El presidente de Perú, Alberto Fujimori, merced a su aplastante triunfo electoral del domingo, debe permanecer en el poder hasta el año 2000, fecha cabalística esta en la que el mundo --ignoro la razón de ello-- tiene puestas muchas esperanzas.
A la victoria de Fujimori se le dan varias lecturas, pero hay una que se constituye en factor determinante: Perú, su gente, estaba ansiosa de orden.
Cuando una nación ha mantenido tradicionalmente instituciones republicanas, que por el respeto entre sus estamentos han permitido discurrir su vida nacional en un marco de orden y seguridad, estos factores no adquieren el valor que realmente tienen y, como en el caso de la salud, solo cobran proporciones invaluables en el momento de perderse.
Los peruanos han visto en Fujimori la persona que puede conducir sus destinos, con mano firme --puesta ya a prueba después del autogolpe-- lo que tantas críticas hemisféricas desató. Los resultados dados a conocer después de los comicios parecen indicar, sin el menor riesgo, que el país, como un todo, lo absolvió.
Las casillas del haber y el debe del Presidente de esa nación andina arrojan un saldo favorable para este hombre que en las elecciones de 1990, dado su origen humilde, todo parecía tenerlo en contra.

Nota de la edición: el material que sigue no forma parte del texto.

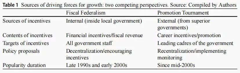 从上述分析可以看出,财政联邦主义认为增长的动力源自地方政府内部,而晋升锦标赛理论则认为地方政府推动增长的动力来自外部考核。识别中国地方政府推动经济增长的激励来源至关重要,因为这导向了截然不同的政策建议:财政联邦主义提倡更多的权力下放和加强对地方政府的激励引导,而晋升锦标赛理论则建议进一步的中央集权和中央政府的严格管控。本文将两种解释中国经济增长理论的主要特点总结于表1。
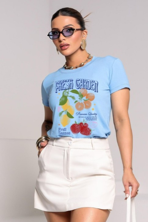 T-SHIRT FRUTAS FRESH GARDEN DTF AZUL BEBÊ
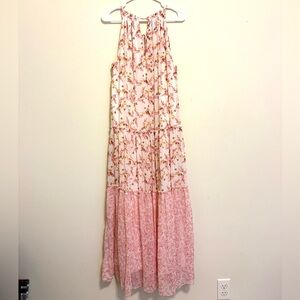 Drew for Anthropologie Pink Floral Tiered Maxi Dress | Size L
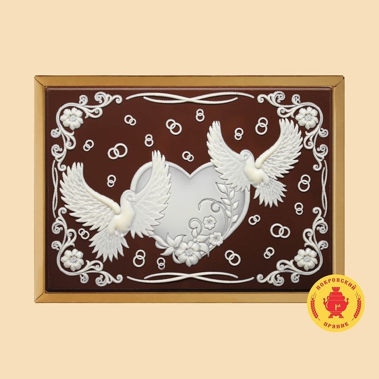 Пряник в темной шоколадной глазури, оформленный темным и белым шоколадом с начинкой из вареной сгущенка и грецкого ореха

Cinco años después, la virtual erradicación de la guerrilla, y con ella el temor y la zozobra, imprimió la suficiente confianza para el retorno de las inversiones, y así la esperanza de un futuro mejor.
En la historia reciente de los pueblos, con antecedentes como el de Perú, la reclamación más reiterada de los que no tienen nada es paz y orden. Las otras cosas --bienes, servicios, progreso-- son importantes, pero esas promesas tardan mucho en llegar, si acaso llegan.
Lo más inmediato, palpado ya en ese país, es un clima de orden aceptable. Sedientos de ello, los peruanos le dieron luz verde a Fujimori.